▸ REQUIREMENT: Which lines belong in your copy? Those from the start of the data through the line with "Quadro Abstrato Fluido", exactly as written, without any pictures.

▸ SUPPLIED MATERIAL:
_ _ _ _
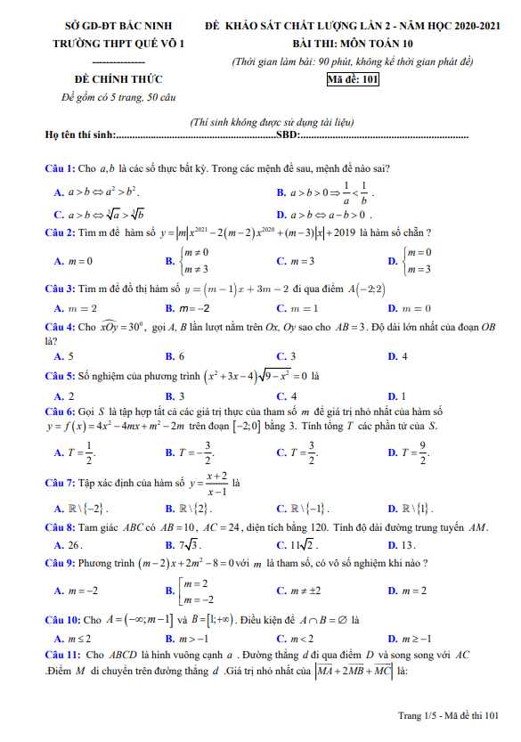Khảo Sát Chất Lượng Toán 10 Đề khảo sát chất lượng lần 2 Toán 10 năm 2020 – 2021 trường Quế Võ 1 – Bắc Ninh 11/01/2021
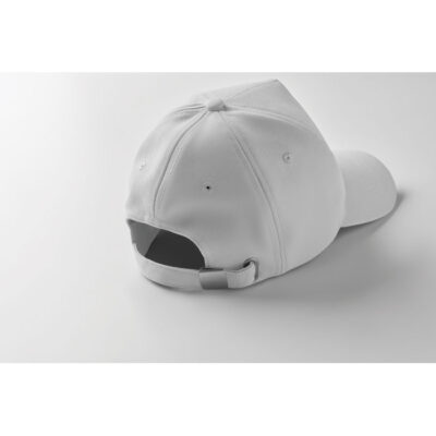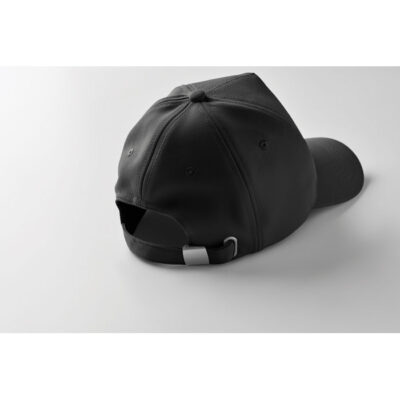RPET 5 panel baseball cap in polyester 210 gm/m2 with silver steel buckle. 4 embroidered eyelets in matching colour. Size 7 1/4.
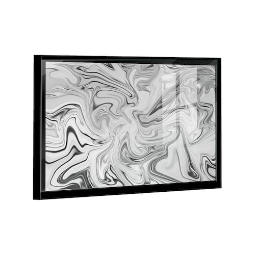 Quadro Abstrato Fluido Branco -- BR ARTES Moldura Preta e Vidro - Pequeno 60x40 -
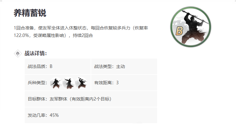 养精蓄锐的核心价值在于高额累计治疗量。其延迟生效的机制虽可能错失最佳治疗时机,但配合指挥类战法的优先级特性,能在后续回合中持续提供稳定恢复。该战法通常配置于大营武将,通过与其他延迟生效技能(如指挥伤害或控制)形成联动,构建后期发力的战术体系。需由于无法治疗携带者,队伍需额外保障其生存能力。
_ _ _ _
▸ SOLUTION TO THIS PROBLEM:
Khảo Sát Chất Lượng Toán 10 Đề khảo sát chất lượng lần 2 Toán 10 năm 2020 – 2021 trường Quế Võ 1 – Bắc Ninh 11/01/2021
RPET 5 panel baseball cap in polyester 210 gm/m2 with silver steel buckle. 4 embroidered eyelets in matching colour. Size 7 1/4.
 Quadro Abstrato Fluido Branco -- BR ARTES Moldura Preta e Vidro - Pequeno 60x40 -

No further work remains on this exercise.